If this isn’t an option, there are many other cost-effective methods of physical and public transport to get you around at a much cheaper price than a taxi.
Mr Merry said: “Many cities also offer bike rentals with pick-up and drop-off locations dotted around the city, which is a quicker option than walking.
“But if travelling on foot or bike isn’t an option, then always opt for public transport.
“The majority of cities have great public transport options such as trains, buses and metros or subways.”
By putting your current location and desired location into Google maps and hitting the public transport button, it’ll direct you on how to reach the appropriate bus terminal by foot and outline exactly what bus you should take and where to get off.

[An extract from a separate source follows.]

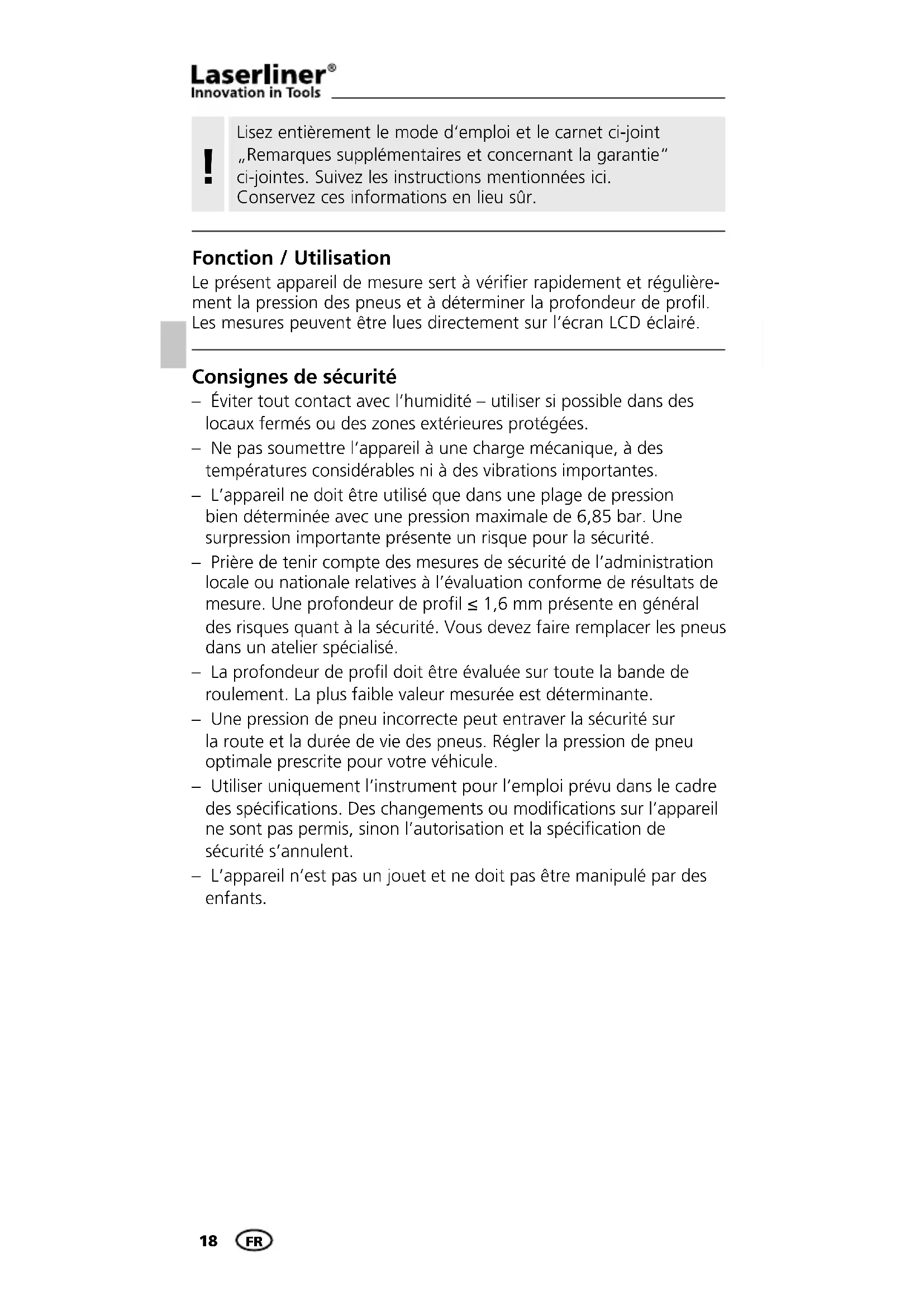 MODE D'EMPLOI TireCheck Laserliner

The expert added: “Although hailing a taxi is quicker and more convenient, you will end up paying a lot more and if need to book an airport transfer, make sure you do these well in advance to avoid having to pay the high prices on the day.”
Don’t splurge on tourist or travel passes
Before splurging out on tourist or travel passes, always calculate whether they will actually be worthwhile.
Mr Merry said: “Try to plan a rough itinerary before travelling so you can see exactly how often you will need to hop on public transport or how much sightseeing you will realistically fit into your holiday, as you may not actually get your money’s worth.”
Don’t leave currency exchange until the last minute
Lastly, for those bringing cash, don’t leave your currency exchange until the last minute at the airport.
Although it might seem convenient, you’ll inevitably end up paying more for it.
Mr Merry said: “If your holiday is last-minute and you have no other choice but to use the airport currency exchange services, the majority of airports allow you to buy your currency online and pick it up once you’ve arrived.
“This can be done the night before you fly and will have a much better rate than in-person on the day.”